Post-closing transaction roles
Private equity firms typically develop a strategic plan for the 100 days following an acquisition. This plan will cover every aspect of the business including sales, manufacturing, operations, finance and administration. The plan will be driven by the financial projections that were disclosed during the due diligence process. Be prepared to create the strategy and execute the tactics around that plan. Here are some of the roles you could hold post-transaction:
- Employee: The first thing to remember is that you are not in charge anymore. As much as you want to make unilateral decisions, it will be important to consult with the private equity group on significant operational changes. The last thing you should do is surprise your new partners with a major decision. Most employment agreements have 1 to 3 year terms. Most agreements tend to be shorter rather than longer and have termination clauses for both parties.
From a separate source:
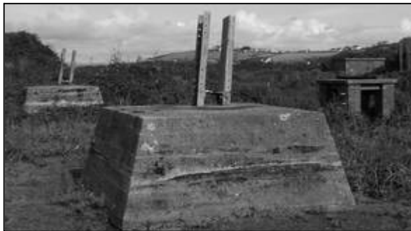
Metal struts to which a timber receiver tower was bolted still remain embedded in the concrete bases. An aerial cable junction box is on the right.

Most of the structures and features on private land can be viewed from the public highway. A transmitter block, still with its earth covering, stands adjacent to Burrows Lane at a point where the road enters the Burrows.

- Advisor/Consultant: If you are functioning as an advisor or consultant, it is probably evident that you have a significantly diminished role and that you are no longer in charge. It is likely that you are being consulted on an as-needed basis and are not active in the day-to-day operations of the business. This is an ideal role if you are looking to transition out of the business. It allows the current management to utilize your knowledge base while also diminishing your influence within the employee ranks.
- Board member: Serving on the board of directors is an easy way to remain active in the company but have a clear split from operations. You will be involved in the overall strategic direction of the company but not be responsible for the execution. This is a good long-term solution to company insight and involvement if you retain a significant ownership position.
For many business owners, the sale of your company represents the culmination of countless sleepless nights over the years. Each of these years was filled with milestones: your first sale, your first hire, revenues multiplying, etc. The final milestone to hit is successfully executing a sale and creating generational wealth. It’s a marathon, not a sprint, but if you are diligent and patient throughout the process, it will pay off.